TASK BRIEF:
All of the data, except its images, should be set down exactly as it appears.

GIVEN RECORDS:
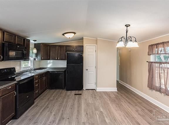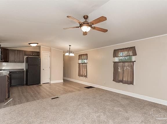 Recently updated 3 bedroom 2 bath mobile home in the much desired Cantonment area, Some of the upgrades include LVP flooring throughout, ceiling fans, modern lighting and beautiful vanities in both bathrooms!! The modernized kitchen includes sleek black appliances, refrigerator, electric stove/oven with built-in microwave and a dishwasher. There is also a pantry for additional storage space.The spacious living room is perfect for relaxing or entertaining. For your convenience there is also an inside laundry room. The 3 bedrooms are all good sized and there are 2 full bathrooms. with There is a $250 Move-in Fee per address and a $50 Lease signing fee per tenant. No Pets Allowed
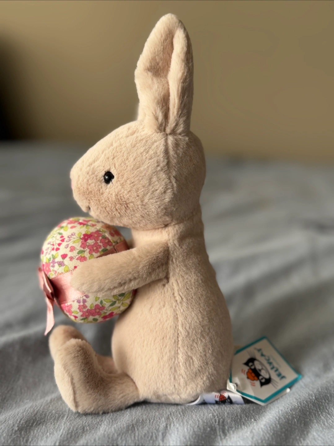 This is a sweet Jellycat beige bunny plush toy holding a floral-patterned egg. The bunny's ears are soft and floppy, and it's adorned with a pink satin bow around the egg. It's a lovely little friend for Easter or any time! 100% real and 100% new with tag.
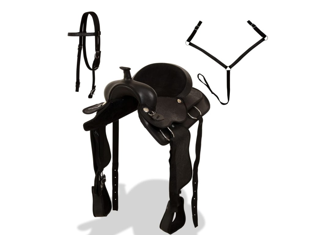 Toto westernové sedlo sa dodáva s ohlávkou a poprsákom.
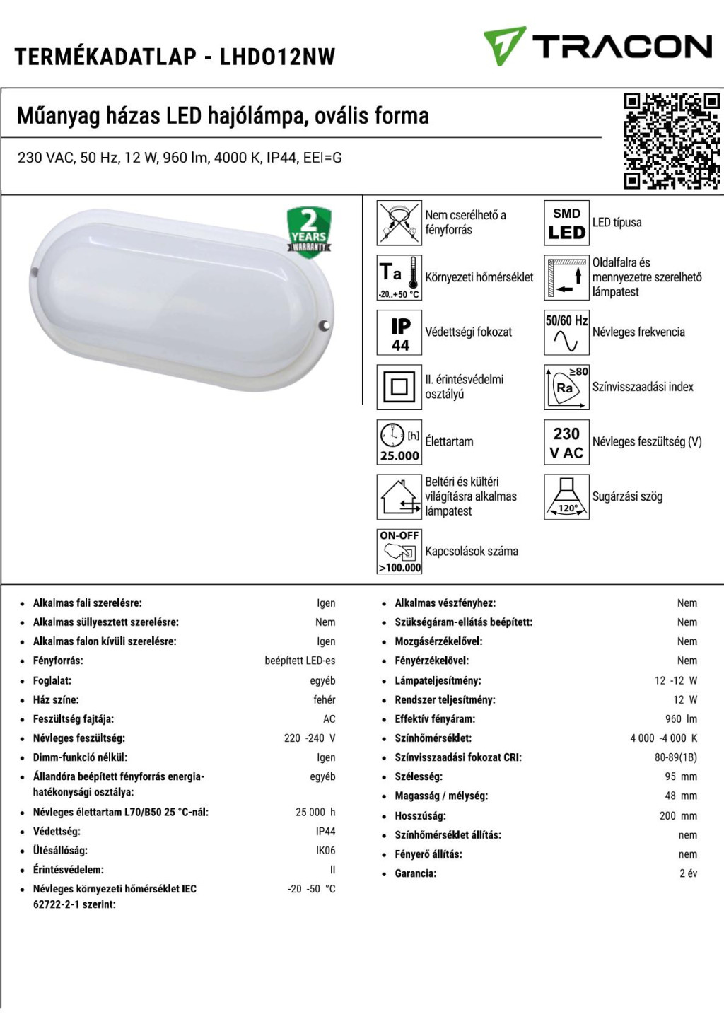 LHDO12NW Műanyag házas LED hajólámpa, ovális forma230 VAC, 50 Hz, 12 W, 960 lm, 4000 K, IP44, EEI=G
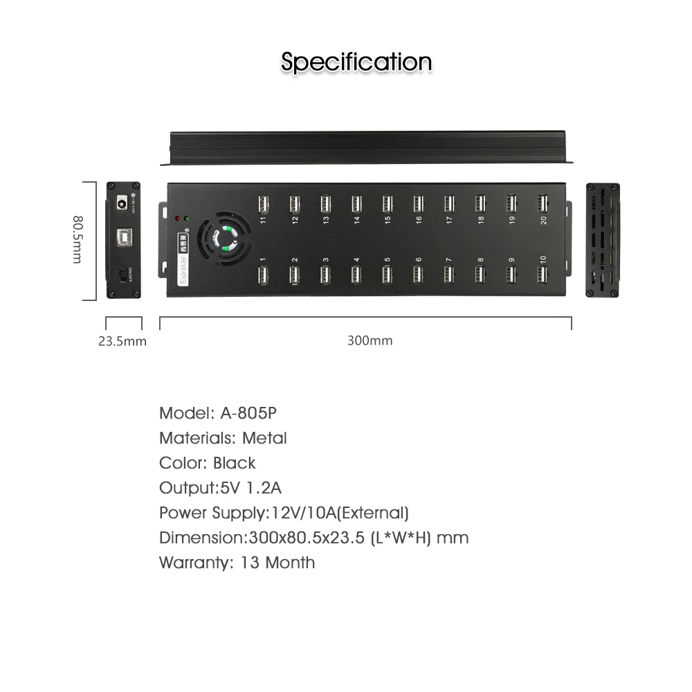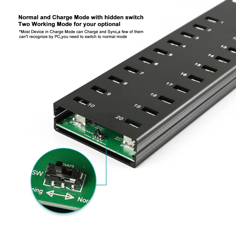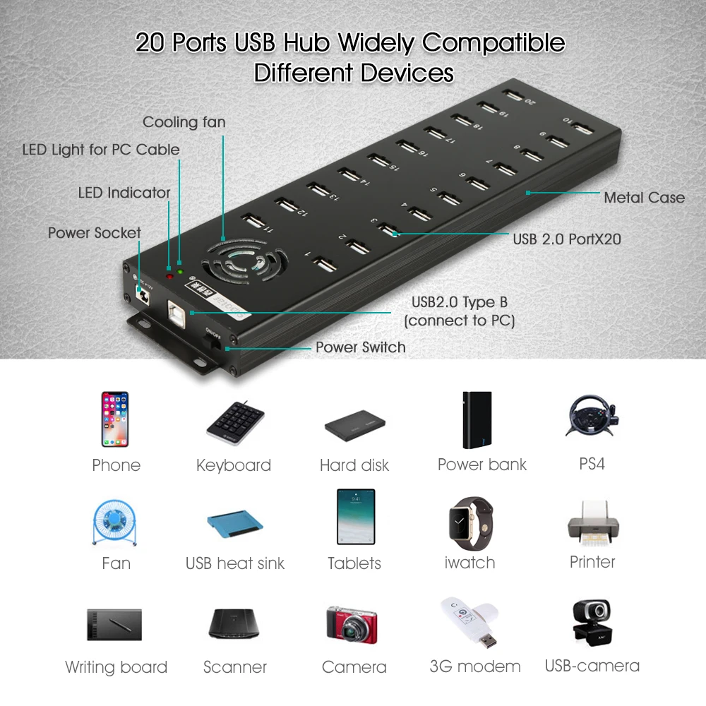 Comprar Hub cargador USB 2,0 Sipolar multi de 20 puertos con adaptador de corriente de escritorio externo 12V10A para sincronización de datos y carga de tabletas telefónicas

WRITTEN RESPONSE:
 Recently updated 3 bedroom 2 bath mobile home in the much desired Cantonment area, Some of the upgrades include LVP flooring throughout, ceiling fans, modern lighting and beautiful vanities in both bathrooms!! The modernized kitchen includes sleek black appliances, refrigerator, electric stove/oven with built-in microwave and a dishwasher. There is also a pantry for additional storage space.The spacious living room is perfect for relaxing or entertaining. For your convenience there is also an inside laundry room. The 3 bedrooms are all good sized and there are 2 full bathrooms. with There is a $250 Move-in Fee per address and a $50 Lease signing fee per tenant. No Pets Allowed
 This is a sweet Jellycat beige bunny plush toy holding a floral-patterned egg. The bunny's ears are soft and floppy, and it's adorned with a pink satin bow around the egg. It's a lovely little friend for Easter or any time! 100% real and 100% new with tag.
 Toto westernové sedlo sa dodáva s ohlávkou a poprsákom.
 LHDO12NW Műanyag házas LED hajólámpa, ovális forma230 VAC, 50 Hz, 12 W, 960 lm, 4000 K, IP44, EEI=G
 Comprar Hub cargador USB 2,0 Sipolar multi de 20 puertos con adaptador de corriente de escritorio externo 12V10A para sincronización de datos y carga de tabletas telefónicas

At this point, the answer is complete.